> **Exercise requirements**:
Give back the listing in full and exactly, leaving out the images.

> **Given data**:
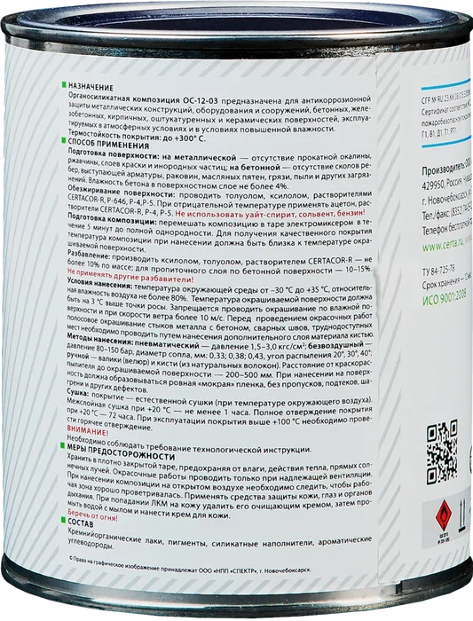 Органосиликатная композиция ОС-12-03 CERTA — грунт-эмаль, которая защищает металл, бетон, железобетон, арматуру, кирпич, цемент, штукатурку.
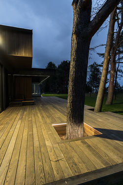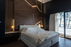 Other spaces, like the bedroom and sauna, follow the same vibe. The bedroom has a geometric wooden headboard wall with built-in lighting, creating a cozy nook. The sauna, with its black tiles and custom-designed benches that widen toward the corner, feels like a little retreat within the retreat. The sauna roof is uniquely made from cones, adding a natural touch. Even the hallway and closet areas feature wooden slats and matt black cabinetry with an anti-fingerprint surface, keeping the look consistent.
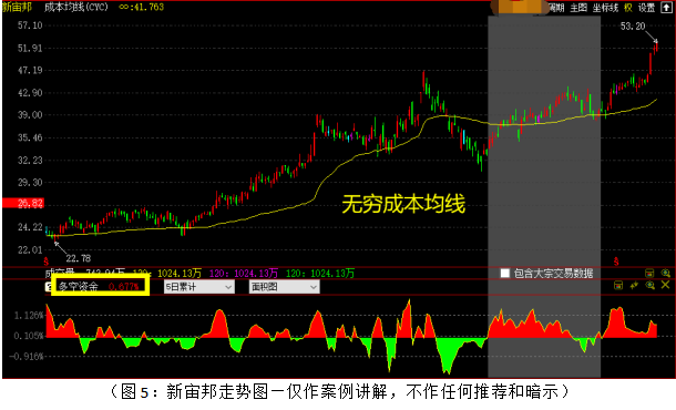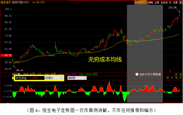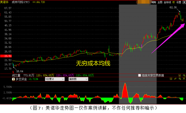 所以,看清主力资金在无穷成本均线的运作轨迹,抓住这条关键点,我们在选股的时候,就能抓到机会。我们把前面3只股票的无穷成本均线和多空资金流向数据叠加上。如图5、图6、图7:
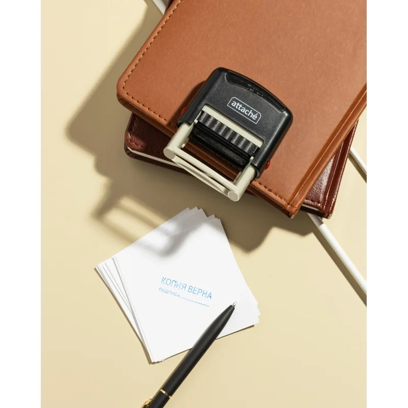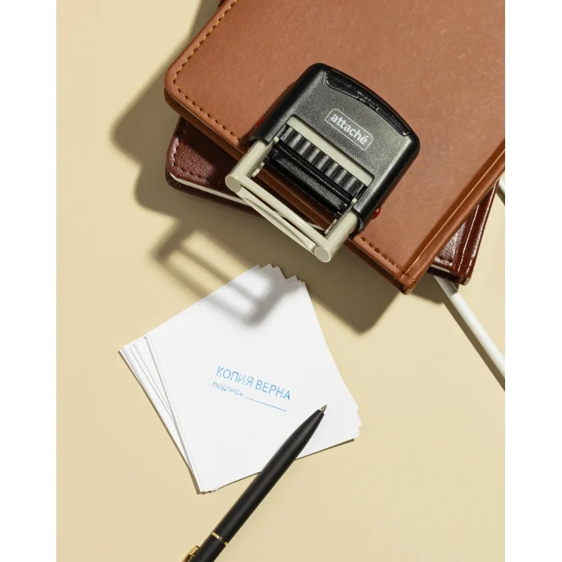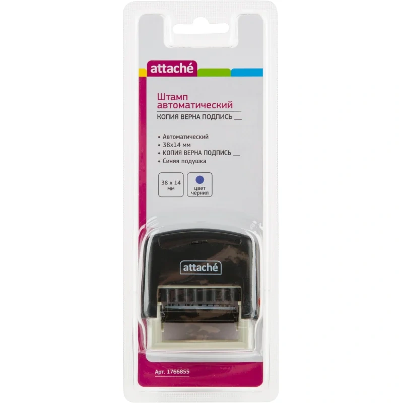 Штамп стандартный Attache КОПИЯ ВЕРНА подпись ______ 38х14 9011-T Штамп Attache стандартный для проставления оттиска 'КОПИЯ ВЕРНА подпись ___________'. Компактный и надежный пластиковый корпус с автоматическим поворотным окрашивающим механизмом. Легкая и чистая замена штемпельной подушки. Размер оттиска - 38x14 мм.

> **Answer box**:
 Органосиликатная композиция ОС-12-03 CERTA — грунт-эмаль, которая защищает металл, бетон, железобетон, арматуру, кирпич, цемент, штукатурку.
 Other spaces, like the bedroom and sauna, follow the same vibe. The bedroom has a geometric wooden headboard wall with built-in lighting, creating a cozy nook. The sauna, with its black tiles and custom-designed benches that widen toward the corner, feels like a little retreat within the retreat. The sauna roof is uniquely made from cones, adding a natural touch. Even the hallway and closet areas feature wooden slats and matt black cabinetry with an anti-fingerprint surface, keeping the look consistent.
 所以,看清主力资金在无穷成本均线的运作轨迹,抓住这条关键点,我们在选股的时候,就能抓到机会。我们把前面3只股票的无穷成本均线和多空资金流向数据叠加上。如图5、图6、图7:
 Штамп стандартный Attache КОПИЯ ВЕРНА подпись ______ 38х14 9011-T Штамп Attache стандартный для проставления оттиска 'КОПИЯ ВЕРНА подпись ___________'. Компактный и надежный пластиковый корпус с автоматическим поворотным окрашивающим механизмом. Легкая и чистая замена штемпельной подушки. Размер оттиска - 38x14 мм.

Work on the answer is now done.